Standard Chartered M&A advisory has emerged as the top mergers and acquisitions financial adviser in West Africa by deal value, and the bank says recent economic reforms are winning global investors back to the region, including Nigeria. The ranking underlines how much corporate dealmaking now flows through the lender’s corporate and investment banking arm.

Standard Chartered M&A leadership in West Africa
The bank says it has built a long track record across the continent, advising on cross-border transactions worth more than 50 billion dollars over the past 15 years. Those deals span oil and gas, chemicals, metals and mining, healthcare and financial services. Recent mandates include advising West China Cement on its acquisition of operations in the Democratic Republic of Congo.
For Nigeria, the message is that the country remains central to West African dealmaking. As Africa’s largest economy and most populous market, Nigeria is a magnet for cross-border investment in energy, banking, consumer goods and infrastructure, and the bank wants to keep advising on the biggest of those transactions.
Why reforms matter for investors
Standard Chartered says reforms across several African markets are helping to win back investors who had grown cautious. In Nigeria, the floating of the naira and the removal of the petrol subsidy were painful for households, but they also removed two of the biggest distortions that had kept foreign capital on the sidelines.
When currencies trade more freely and prices reflect the true cost of fuel, investors can plan with greater confidence. The bank argues that this clearer picture is one reason dealmaking interest is picking up again across West Africa, even as the wider global environment stays uncertain.

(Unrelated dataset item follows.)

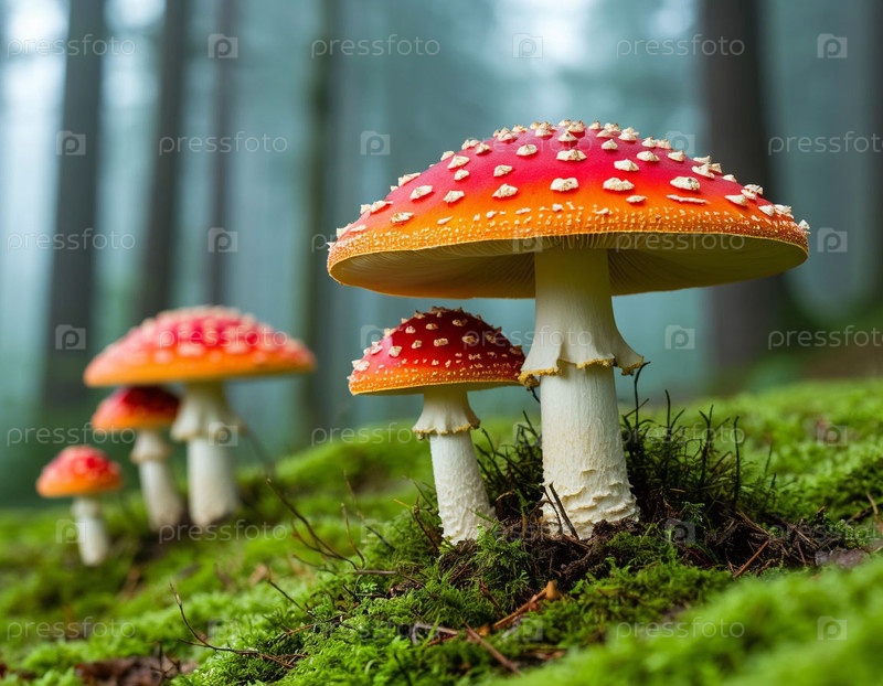 Летают агарные грибы крупным планом в лесу. Создан компанией AI.M

A rethink of acquisition finance
Alongside the ranking, the lender is urging a rethink of how acquisitions are funded on the continent. It says smarter, more flexible acquisition finance could revive merger activity that has been held back by tight credit and high borrowing costs. The push reflects a belief that good deals are available but that funding structures need to catch up.
For Nigerian companies, better access to acquisition finance could make it easier to buy rivals, expand into new markets or take over assets that multinationals are selling. Several global banks have trimmed their African footprints in recent years, leaving openings for local and regional players ready to grow through acquisitions.
What it means for dealmaking
The combination of a top regional ranking and a call for fresh thinking on funding signals where the bank sees the market heading. If reforms hold and financing improves, West Africa could see a stronger run of mergers, acquisitions and capital raises in the months ahead.
Much still depends on stability. Investors want predictable policy, steady exchange rates and clear rules before committing large sums. For now, Standard Chartered’s position at the top of the West African deal table suggests confidence is returning, with Nigeria expected to remain at the centre of the action.
The road ahead for Nigerian companies
Nigerian boardrooms will be watching closely. A pickup in mergers and acquisitions usually points to rising confidence in the wider economy, since firms only buy rivals or expand when they expect future growth. It can also reshape entire sectors, from banking and fintech to cement, telecoms and consumer goods, as stronger players absorb weaker ones.
There are risks too. Deals funded with expensive debt can leave companies stretched if revenues disappoint, and a wave of consolidation can reduce competition. Regulators in Nigeria will need to balance the benefits of bigger, better-capitalised firms against the need to protect consumers and keep markets open. Even so, the direction of travel, for now, is toward more activity rather than less.